__Assignment__: Lines to restate from the data below: from the one containing "(2002) Coupé: au" to the one containing "Predám úplne novú", both included. Give them again exactly, and only them.

__Provided records__:
_ _ _ _ _
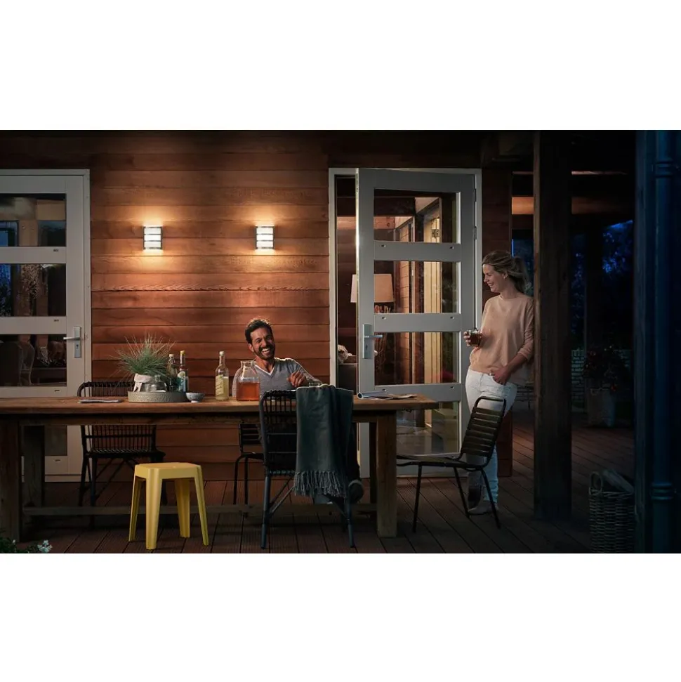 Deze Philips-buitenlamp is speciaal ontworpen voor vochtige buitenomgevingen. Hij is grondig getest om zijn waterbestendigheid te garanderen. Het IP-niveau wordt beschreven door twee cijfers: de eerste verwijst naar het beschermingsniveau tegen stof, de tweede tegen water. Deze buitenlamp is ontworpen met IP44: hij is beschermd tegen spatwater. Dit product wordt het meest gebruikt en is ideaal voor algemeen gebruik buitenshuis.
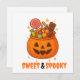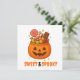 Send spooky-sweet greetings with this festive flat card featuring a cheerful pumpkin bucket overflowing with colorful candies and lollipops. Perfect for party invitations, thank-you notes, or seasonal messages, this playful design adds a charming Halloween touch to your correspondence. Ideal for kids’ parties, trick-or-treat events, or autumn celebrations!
_ _ _ _ _
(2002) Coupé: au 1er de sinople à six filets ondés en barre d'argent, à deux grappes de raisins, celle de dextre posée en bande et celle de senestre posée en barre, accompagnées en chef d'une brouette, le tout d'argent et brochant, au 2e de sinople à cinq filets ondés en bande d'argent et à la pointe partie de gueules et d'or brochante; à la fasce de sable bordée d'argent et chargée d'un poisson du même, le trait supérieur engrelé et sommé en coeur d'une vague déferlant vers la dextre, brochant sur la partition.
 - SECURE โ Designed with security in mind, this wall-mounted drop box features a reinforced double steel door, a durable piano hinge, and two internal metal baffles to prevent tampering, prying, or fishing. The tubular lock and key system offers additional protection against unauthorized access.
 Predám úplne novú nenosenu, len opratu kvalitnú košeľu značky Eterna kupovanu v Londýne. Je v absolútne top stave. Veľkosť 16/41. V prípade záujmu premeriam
_ _ _ _ _
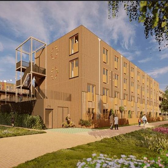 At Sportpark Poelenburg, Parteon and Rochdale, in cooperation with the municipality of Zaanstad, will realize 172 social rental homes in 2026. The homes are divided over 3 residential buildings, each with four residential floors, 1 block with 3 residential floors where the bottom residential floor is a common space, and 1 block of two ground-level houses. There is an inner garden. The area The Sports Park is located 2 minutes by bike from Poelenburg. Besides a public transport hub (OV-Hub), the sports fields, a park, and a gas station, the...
_ _ _ _ _
__Response__:
(2002) Coupé: au 1er de sinople à six filets ondés en barre d'argent, à deux grappes de raisins, celle de dextre posée en bande et celle de senestre posée en barre, accompagnées en chef d'une brouette, le tout d'argent et brochant, au 2e de sinople à cinq filets ondés en bande d'argent et à la pointe partie de gueules et d'or brochante; à la fasce de sable bordée d'argent et chargée d'un poisson du même, le trait supérieur engrelé et sommé en coeur d'une vague déferlant vers la dextre, brochant sur la partition.
 - SECURE โ Designed with security in mind, this wall-mounted drop box features a reinforced double steel door, a durable piano hinge, and two internal metal baffles to prevent tampering, prying, or fishing. The tubular lock and key system offers additional protection against unauthorized access.
 Predám úplne novú nenosenu, len opratu kvalitnú košeľu značky Eterna kupovanu v Londýne. Je v absolútne top stave. Veľkosť 16/41. V prípade záujmu premeriam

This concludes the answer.